Physical Examination:
Skin: Both axilla have 3-5 isolated pustules, with erythematous rim. Eruptions appear on slightly edematous crusted plaques. Some of them are 1.5cm in diameter. Few pustules are seen in the infra-mammary folds and in the flexor aspect of the forearm.
Provisional Diagnosis
Hydradenitis Suppurativa?
Prognosis: chronic and recurrent in nature
Chronic Consitutional Totality
Mental Generals
Contradiction <
Irritable at trifles- -- verbally very offensive but repents after that
Company desires
Physical Generals:
Perspiration increased, Offensive, causes aggravation of itching & generalized discomfort
Menses early, nausea++ < during menses, back pain2 < during & after, oedema of the face2 during menses.
Urination frequent
Aversion sweets+, craving for fish++, fried foods, hot patient
Characteristic Particulars
Eruptions pustular itching+++ , < perspiration+++, > warm bathing
Heartburn < sweets+ , > warm drinks++
Acute Totality
Eruptions pustular,
Itching , < perspiration+++, > warm bathing++, > walking in open air+
Heartburn < sweets+ , > warm drinks++
Rubrics (Kent's)
- Mind,Contradiction, intolerant of,
- Mind ,Company , desire for
- Perspiration ,Odor, offensive
- Perspiration , Profuse
- Bladder, Urination, Frequent
- Genitalia, Menses Frequent, too early , too soon
- Back, Pain, menses During
- Back, Pain, menses After
- Face, Swelling, menses During
- Stomach, Nausea, menses During
- Stomach, Aversion, sweets
- Stomach, Heartburns, Warm drinks, amel
- Perspiration ,Symptoms, Aggravate
- Skin Eruption, Pustular
- Skin, Itching, Perspiration aggravates
Follow Up Criteria:
| Acute Totality | Constitutional Totality |
| Skin itching | Perspiration-profuse, offensive |
| Eruption pustular | Urination frequent |
| Heartburns | Menses early |
| Back pain, Face swelling-during menses | |
| Heartburns | |
| Skin complaints |
Follow-up
| Date | Follow Up | Remedy |
| 24/8/99 | Skin eruption>+ , Itching >++ No new lesions | Sulph 200 IP AM/weekly |
| 24/9/99 | Skin eruption >++, Itching >++ | Sulph 200 IP AM Placebo for 1 month |
| 9/11/99 | Heartburns>++, Skin eruptions >++, menses regular | Sulph 200 IP AM Placebo x1 month |
| 24/12/99 | Menses regular, heartburns >+++, eruptions>+++, perspiration normal. Hb= 10.5 gms % with no haematinics. | Placebo for 1month |
Conclusion:
Sulphur came up as her constitutional remedy. The remedy was suggested by the repertorial method and confirmed by the assertive nature, social attitudes, confidence projecting nature of the patient. During the acute phase Ars-alb was selected based on the typical modalities and it helped to relieve the distressing itching. Since the patient was out of station she reported after a month. Yet her complaints were better. Till date patient has not got a recurrence of her complaints. Considering the previous frequency of development of eruptions, even at this stage it was safe to assume that this patient was on the curative course. Later this patient was followed up 6 months. The Hb was normal and there were no further attacks. Occasional doses of Sulphur had been interposed.
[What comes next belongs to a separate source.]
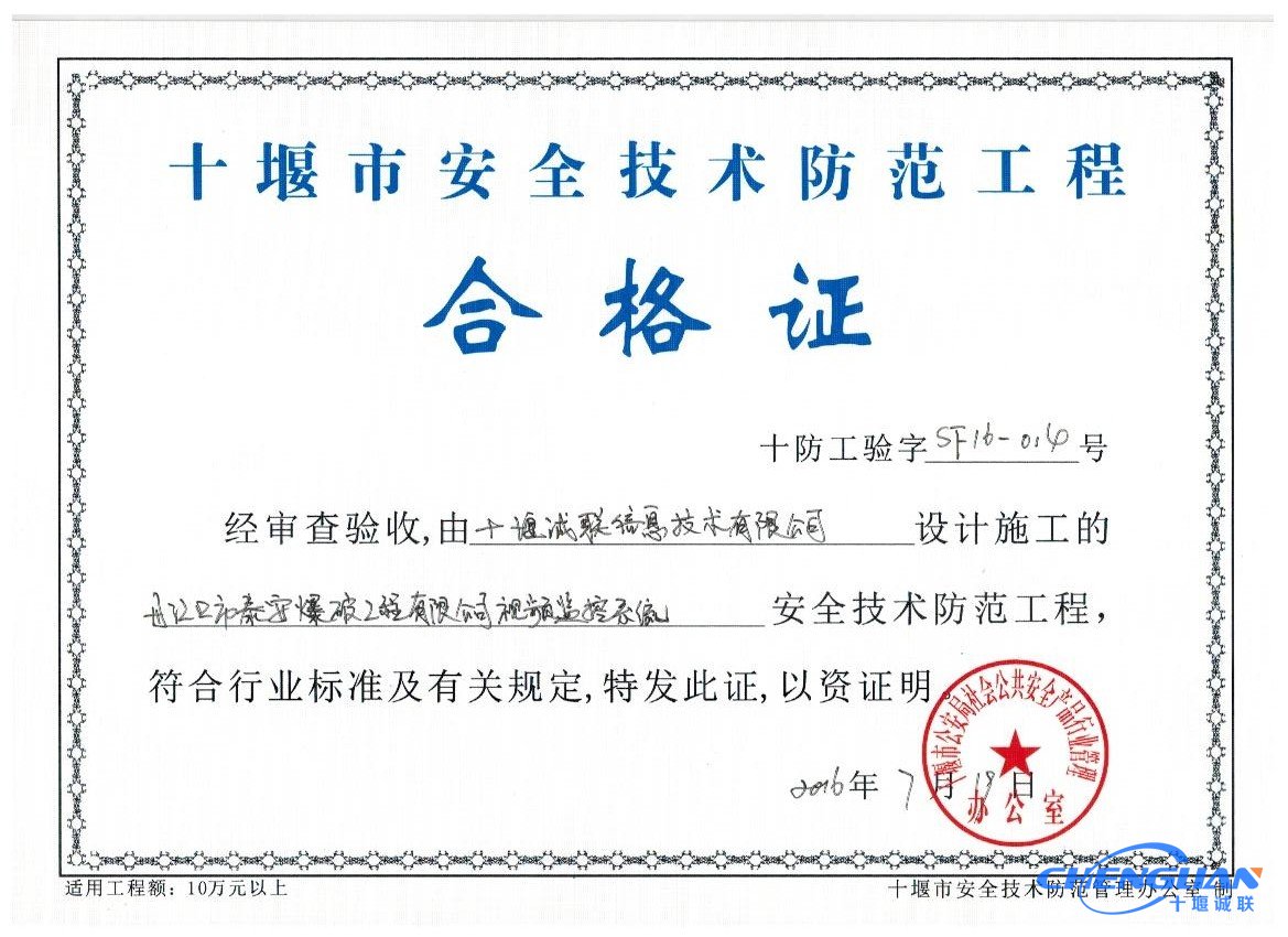 丹江口市泰安爆破工程有限公司視頻監控系統驗收合格 ![]() 丹江口市泰安爆破工程有限公司視頻監控系統01 ![]() 丹江口市泰安爆破工程有限公司視頻監控系統02 ![]() 丹江口市泰安爆破工程有限公司視頻監控系統03 ![]() 丹江口市泰安爆破工程有限公司視頻監控系統04 ![]() 丹江口市泰安爆破工程有限公司視頻監控系統05 ![]() 丹江口市泰安爆破工程有限公司視頻監控系統06 |

This is an "uncommon" disorder of unknown cause in which boil-like lumps develop in the groin and sometimes under the arms and under the breasts. The lumps can also be found in other areas, such as behind the ears, in the crease of the buttocks and around the genitals. Although a few hundred papers have been written on hidradenitis, there seems to be relatively little solid knowledge about it. Although there is no medical proof, hidradenitis seems to have been found alongside many disorders that are apparently unrelated, such as Crohn's disease, obesity, lymphoedema, a form of arthritis, sarcoidosis, Down's Syndrome and the sexually transmitted infection; chlamydia. There also seems a preponderance of thyroid disorders and autoimmune diseases. One of the theories as to the cause is that it itself may be an autoimmune condition.